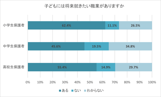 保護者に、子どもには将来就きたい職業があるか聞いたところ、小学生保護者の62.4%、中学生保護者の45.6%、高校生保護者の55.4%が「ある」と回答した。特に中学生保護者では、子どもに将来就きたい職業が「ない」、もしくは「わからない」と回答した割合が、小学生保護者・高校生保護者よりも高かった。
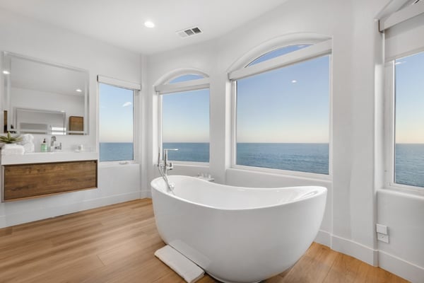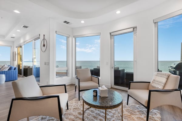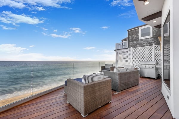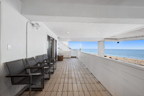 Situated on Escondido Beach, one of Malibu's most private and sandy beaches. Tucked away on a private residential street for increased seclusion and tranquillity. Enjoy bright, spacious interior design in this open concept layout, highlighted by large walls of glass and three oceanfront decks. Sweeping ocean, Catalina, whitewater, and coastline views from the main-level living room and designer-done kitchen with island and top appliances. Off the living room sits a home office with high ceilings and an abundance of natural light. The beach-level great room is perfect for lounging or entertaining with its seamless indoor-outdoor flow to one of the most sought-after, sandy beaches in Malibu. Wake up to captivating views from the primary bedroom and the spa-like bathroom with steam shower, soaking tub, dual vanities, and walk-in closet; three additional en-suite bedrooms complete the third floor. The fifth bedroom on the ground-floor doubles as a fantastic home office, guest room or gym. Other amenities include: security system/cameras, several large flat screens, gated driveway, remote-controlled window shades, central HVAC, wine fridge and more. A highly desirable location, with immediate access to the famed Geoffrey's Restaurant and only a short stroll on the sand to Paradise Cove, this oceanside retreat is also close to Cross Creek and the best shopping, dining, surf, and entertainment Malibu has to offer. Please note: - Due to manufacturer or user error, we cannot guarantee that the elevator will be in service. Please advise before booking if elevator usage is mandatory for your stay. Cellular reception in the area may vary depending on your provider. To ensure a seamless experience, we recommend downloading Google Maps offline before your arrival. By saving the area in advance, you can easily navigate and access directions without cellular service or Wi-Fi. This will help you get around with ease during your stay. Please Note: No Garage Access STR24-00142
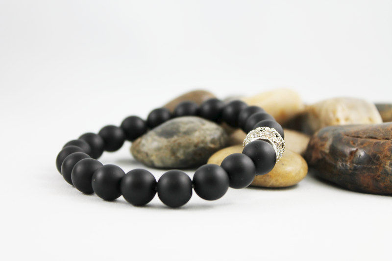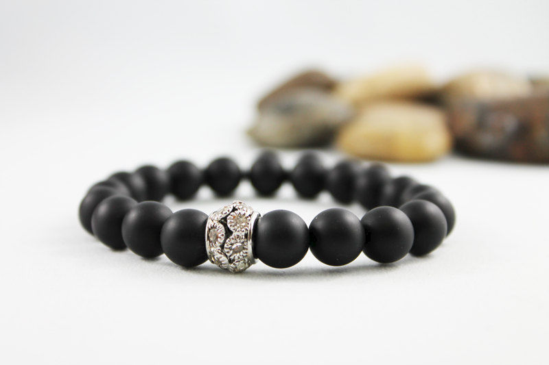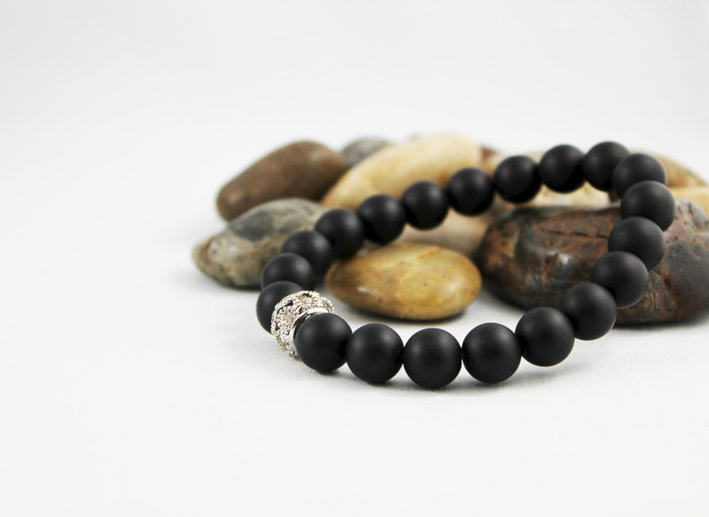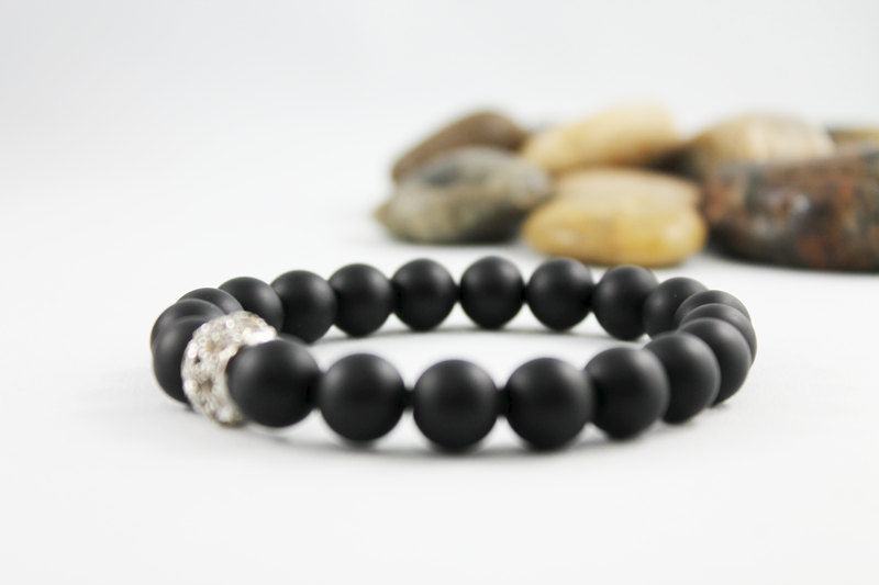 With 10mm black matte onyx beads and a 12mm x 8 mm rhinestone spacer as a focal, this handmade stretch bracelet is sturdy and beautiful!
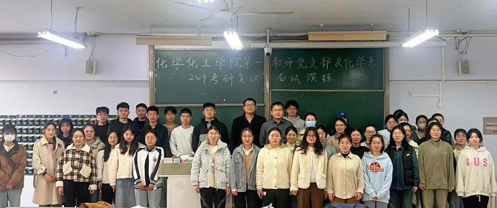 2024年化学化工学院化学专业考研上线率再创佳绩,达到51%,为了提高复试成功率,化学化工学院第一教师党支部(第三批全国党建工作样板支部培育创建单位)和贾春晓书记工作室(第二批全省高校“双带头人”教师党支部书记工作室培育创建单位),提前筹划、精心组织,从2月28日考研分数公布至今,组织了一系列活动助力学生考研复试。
□ □ □ □ □ □ □
■ TASK TO CARRY OUT ■
The data above, line by line: transcribe it exactly and drop the pictures.

■ RESPONSE BELOW ■
 保護者に、子どもには将来就きたい職業があるか聞いたところ、小学生保護者の62.4%、中学生保護者の45.6%、高校生保護者の55.4%が「ある」と回答した。特に中学生保護者では、子どもに将来就きたい職業が「ない」、もしくは「わからない」と回答した割合が、小学生保護者・高校生保護者よりも高かった。
 Situated on Escondido Beach, one of Malibu's most private and sandy beaches. Tucked away on a private residential street for increased seclusion and tranquillity. Enjoy bright, spacious interior design in this open concept layout, highlighted by large walls of glass and three oceanfront decks. Sweeping ocean, Catalina, whitewater, and coastline views from the main-level living room and designer-done kitchen with island and top appliances. Off the living room sits a home office with high ceilings and an abundance of natural light. The beach-level great room is perfect for lounging or entertaining with its seamless indoor-outdoor flow to one of the most sought-after, sandy beaches in Malibu. Wake up to captivating views from the primary bedroom and the spa-like bathroom with steam shower, soaking tub, dual vanities, and walk-in closet; three additional en-suite bedrooms complete the third floor. The fifth bedroom on the ground-floor doubles as a fantastic home office, guest room or gym. Other amenities include: security system/cameras, several large flat screens, gated driveway, remote-controlled window shades, central HVAC, wine fridge and more. A highly desirable location, with immediate access to the famed Geoffrey's Restaurant and only a short stroll on the sand to Paradise Cove, this oceanside retreat is also close to Cross Creek and the best shopping, dining, surf, and entertainment Malibu has to offer. Please note: - Due to manufacturer or user error, we cannot guarantee that the elevator will be in service. Please advise before booking if elevator usage is mandatory for your stay. Cellular reception in the area may vary depending on your provider. To ensure a seamless experience, we recommend downloading Google Maps offline before your arrival. By saving the area in advance, you can easily navigate and access directions without cellular service or Wi-Fi. This will help you get around with ease during your stay. Please Note: No Garage Access STR24-00142
 With 10mm black matte onyx beads and a 12mm x 8 mm rhinestone spacer as a focal, this handmade stretch bracelet is sturdy and beautiful!
 2024年化学化工学院化学专业考研上线率再创佳绩,达到51%,为了提高复试成功率,化学化工学院第一教师党支部(第三批全国党建工作样板支部培育创建单位)和贾春晓书记工作室(第二批全省高校“双带头人”教师党支部书记工作室培育创建单位),提前筹划、精心组织,从2月28日考研分数公布至今,组织了一系列活动助力学生考研复试。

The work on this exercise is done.